Почему друга Наташи называли Анархом? Скажем для успокоения, — по недоразумению. Сам себя Анарх считал большевиком, но прислушивался к революционным синдикалистам, впрочем, довольно умеренно и осторожно. За это некоторое его пристрастие ему и навязали кличку Анарха; против нее он сперва с горечью возражал и даже грозил кой-кому суковатой дубиной, выломанной им в таежных лесах края, но затем настолько смирился, что покорно даже отзывался на эту кличку.

Наташа считала себя социал-демократкой, не разбираясь в толках и направлениях, верила, однако, в террор, преклонялась пред Марией Спиридоновой и каждый раз про марксизм забывала, если какой-нибудь высокопревосходительство наглядно и на опыте доказывал бренность человеческого существования даже и на высоких постах и ту бесспорную истину, что людей подстерегают превратности и неожиданности. Не пренебрегала Наташа даже исправниками и урядниками, полагая, что чем их меньше, тем лучше. Наташа жила в городе, снимая угол за два рубля в месяц. Анарх выбрал себе комнату в деревне из пяти дворов, в полутора верстах от города. Деревенька хоронилась в лесу, уходившем в необъятность. Анарх предпочитал уединение и неторопливую тишину. Все же к обеду он все чаще и чаще отрывался от книг и начинал посматривать в окно, затянутое марлей от комаров. Предчувствие оправдывалось: на мостках через речонку Кижмолу показывалась темнокудрая Наташа. В руке она держала обычно учебники и узелок. Пока она неуверенно ступала по шатким и узким доскам, держась за тонкие жердины перил, Анарх поспешно обдергивал косоворотку, приглаживал волосы, если они были, и даже заглядывал в зеркальце, почитая этот свой поступок подлейшим мещанством и изменой основам. Он очень боялся, чтобы Наташа не увидала его перед зеркалом, старательно запрятывал его меж книгами, упрекая себя в ничтожествах и несколько воровски косясь на дверь.

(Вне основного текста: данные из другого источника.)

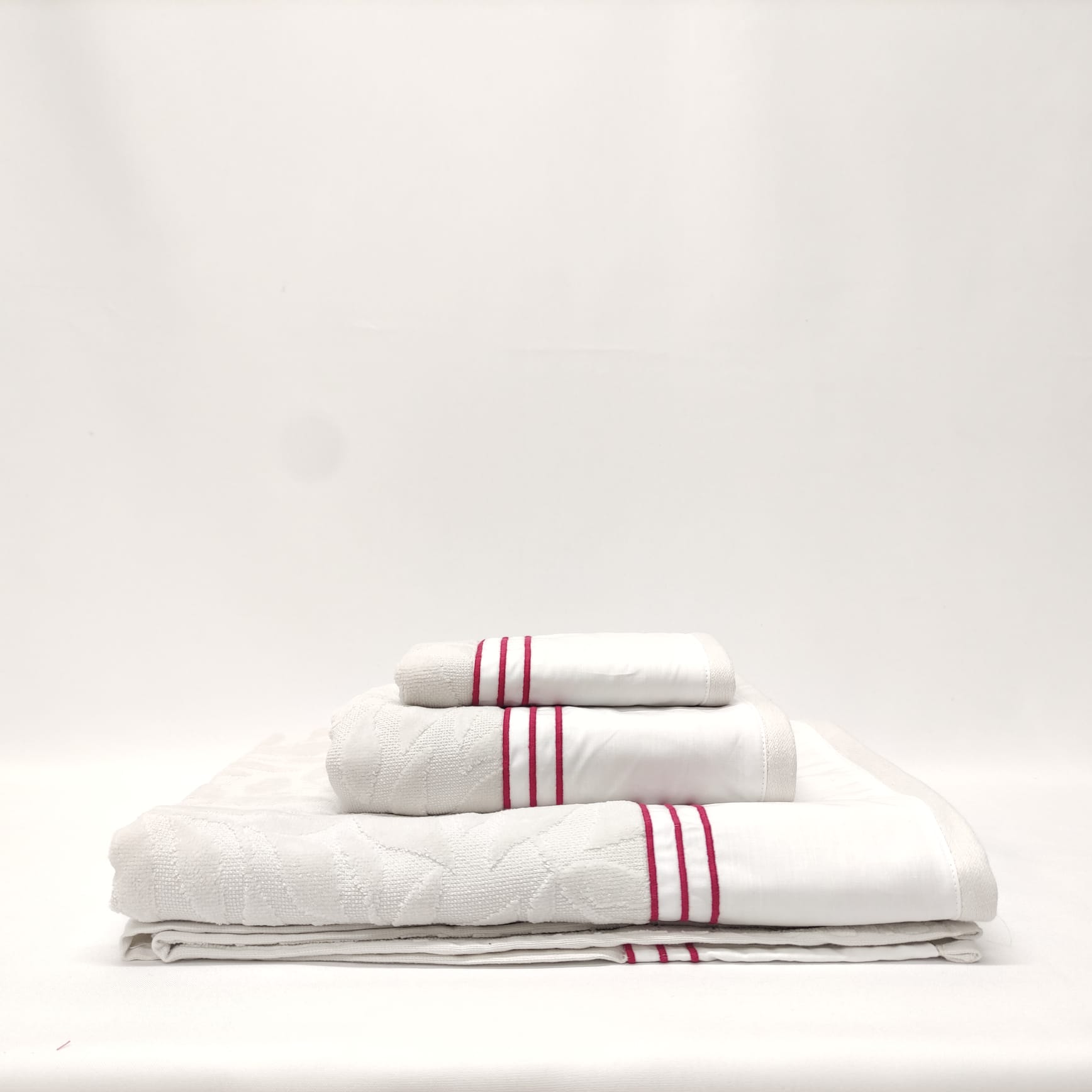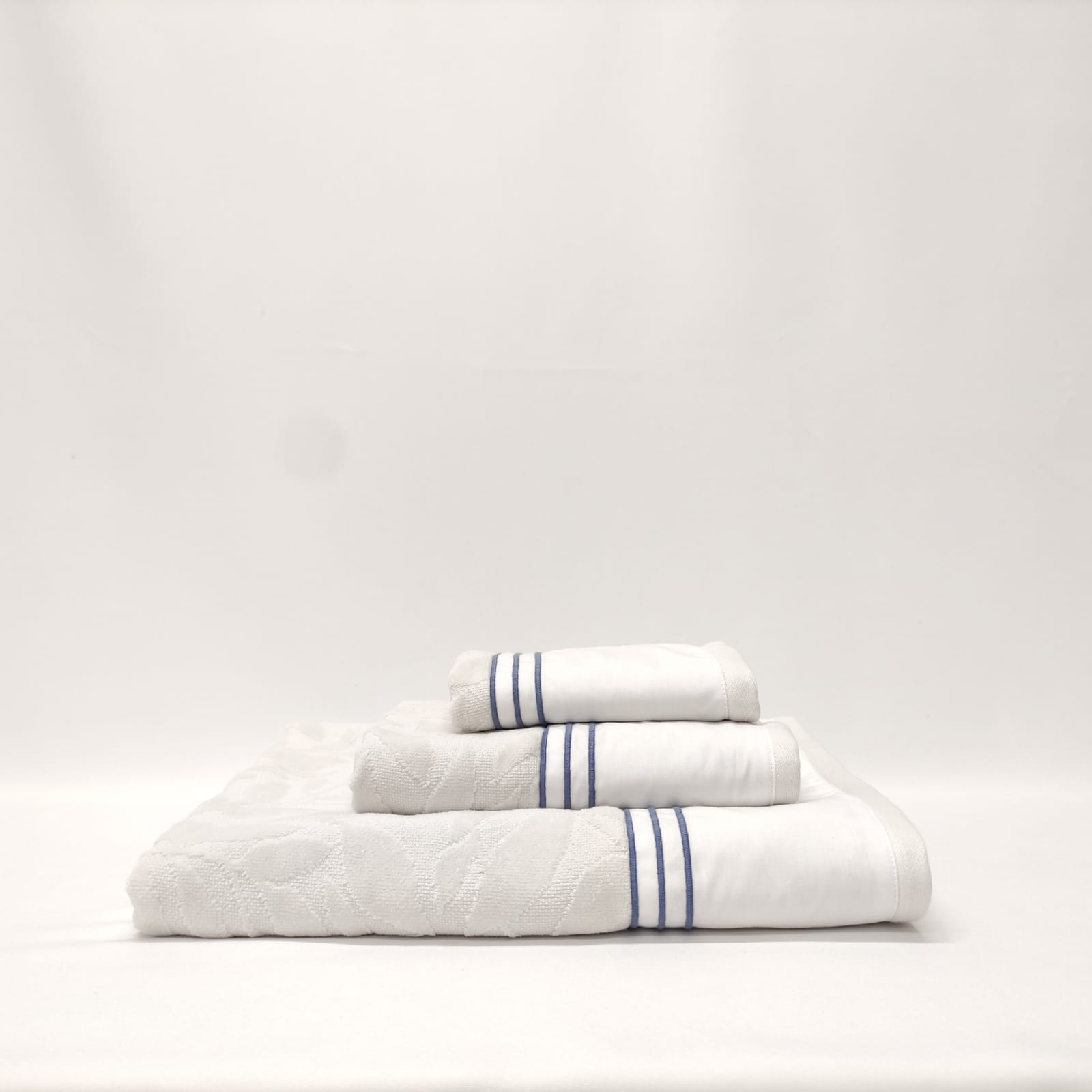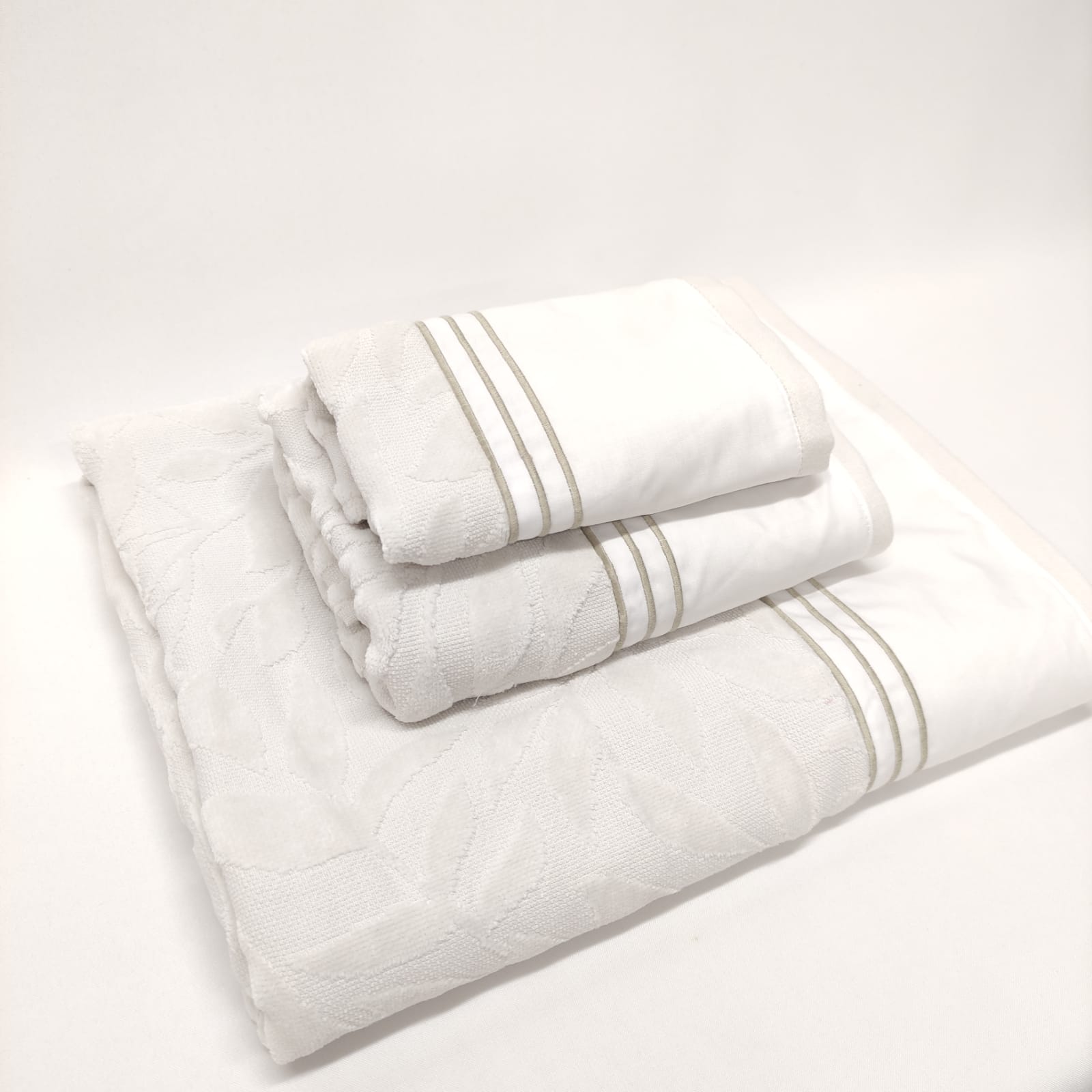 Conjunto de toalhas de Banho, em felpo de algodão na cor cinza, com pormenor de três rolinhos.
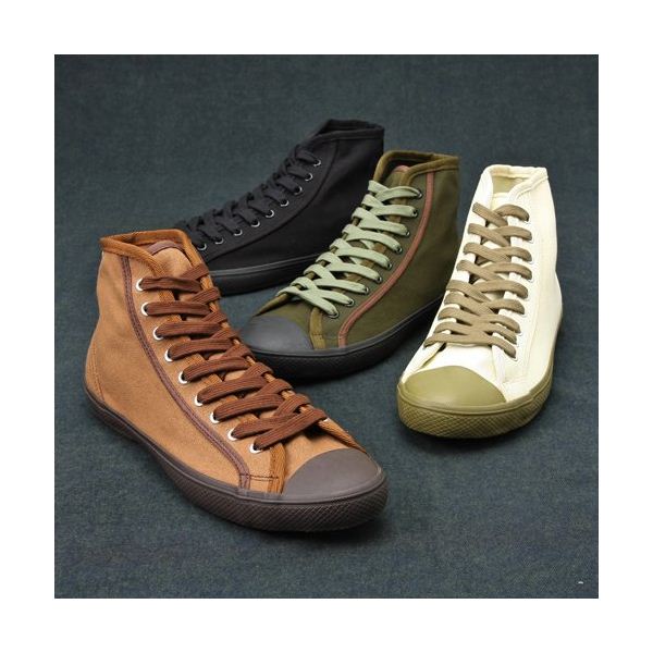 そんな軍隊モデルでありながら、ファッションアイテムとしても使えるデザインになっているのが◎カラーは【ホワイト】【ブラック】【ブラウン】【オリーブ】の4色から選べます。レトロでノルタルジックな印象はデニムとの相性もよく、カジュアルシーンでガンガン使える一足になっています!

В комнату входила Наташа, Анарх глупел. Будь Анарх поэтом, он сравнил бы приход Наташи с появлением непорочной утренней зари, но Анарх поэзию отрицал бесповоротно, находя занятие ею предосудительным и расслабляющим. Мы тоже с своей стороны на этом сравнении не настаиваем, потому что знатоки и критики утверждают, что оно старомодно и отштамповано и будто к таким уподоблениям могут прибегать лишь люди неопытные и даже едва ли подающие какие-нибудь надежды. Пусть будет так: с критиками и знатоками мы уже давно не ратоборствуем и войн, ни малых, ни великих, не ведем. Ограничимся указанием, что Анарху при виде Наташи хотелось бессмысленно и дурацки улыбаться, но улыбку свою он беспощадно подавлял в себе, доводя лицо до выражения почти свирепого.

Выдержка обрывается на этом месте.